Pre-RFC: Stabilize `#[bench]`, `Bencher` and `black_box`


I was under the impression that black_box(_) was the thing keeping us from stabilizing. Otherwise bencher is a mostly good enough solution building on stable macros 1.0. Swapping those out with an proc_attr_macro seems within reach.


One thing that would make things a bit more ergonomic while waiting for this to be stabilised is if it was possible to do #[cfg(bench)] or similar, akin to #[cfg(test)] which would make the annotated block only be compiled when running cargo bench. (alternatively a way to use cfg to detect if using nightly, but that would presumably be more complex.) This would make it easier to add benchmarks for internal things like rustc has. Conveniently, annotating something with #[cfg(bench)] with the current compiler will ignore the annotated block.


If you are using cargo anyways, it’s advisable to put benchmarks in the benches folder and switch to nightly before benchmarking.


Can’t you just use the same nightly that corresponds to the stable version? There are many reasons to use a Nightly compiler for development. clippy is one, although I guess you’re supposed to use the latest nightly with it.
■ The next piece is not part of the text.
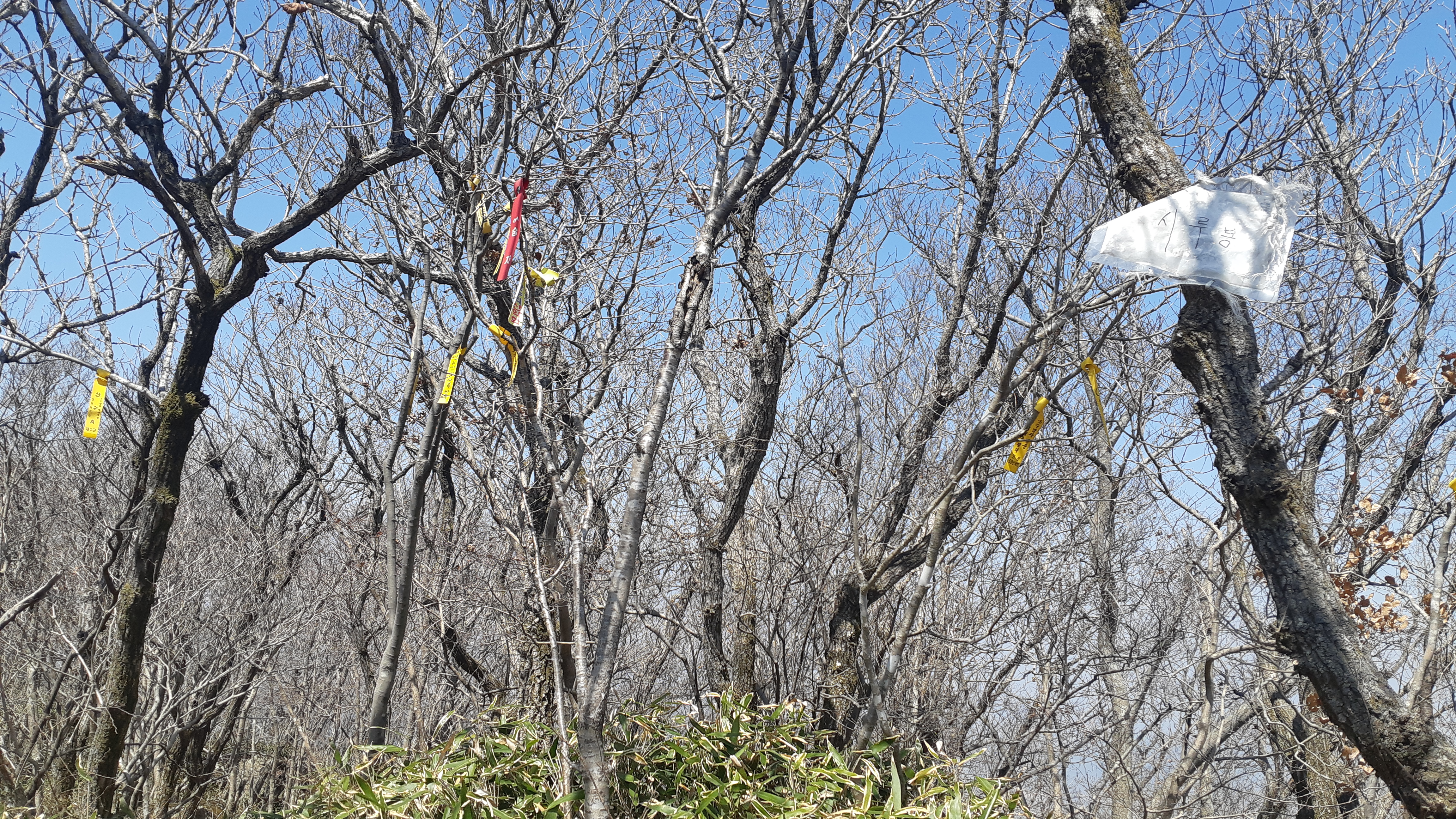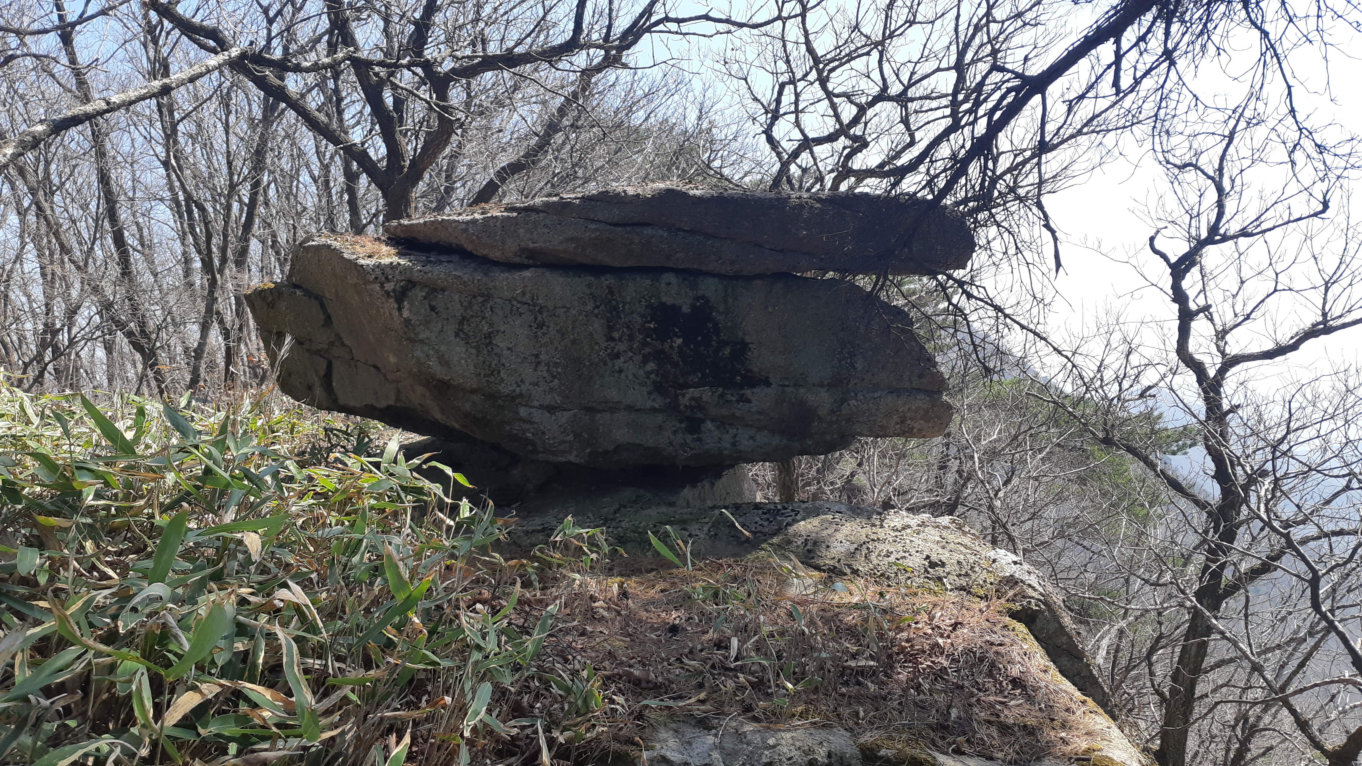 장성갈재를 출발한 뒤 1시간30여분 걸려 암릉을 왼쪽으로 우회하여 시루봉정상에 무사히 도착하였다. 10년 전 시루봉에서 장설갈재로 내려가는 산길을 바로 찾지 못한 이유를 알 수가 있었다. 시루봉 정상에는 정상석도 없거니와 주위는 잡목에 가려 조망 또한 시원치 않은 곳이라 곧장 영산기맥 갈림길에서 오른쪽 장자봉으로 꺾어 내려서다 바위 위에서 점심식사(12:29~12:40)를 하고 출발한다.

That came up as a question yesterday in a course I gave: do we release a nightly compiler directly corresponding to a stable compiler?


This requires the functions that are benchmarked to be exported publicly though. My suggestion for a #[cfg(bench)] was to make it easier to benchmark internal functions that are not meant to be exported while we are waiting for benchmarking on stable.


AFAIK nightlies always come from the master branch, so the closest would be the nightly just before beta is branched off. This won’t exactly match the eventual stable release, as there are often additional patches that get backported from master to beta in the process.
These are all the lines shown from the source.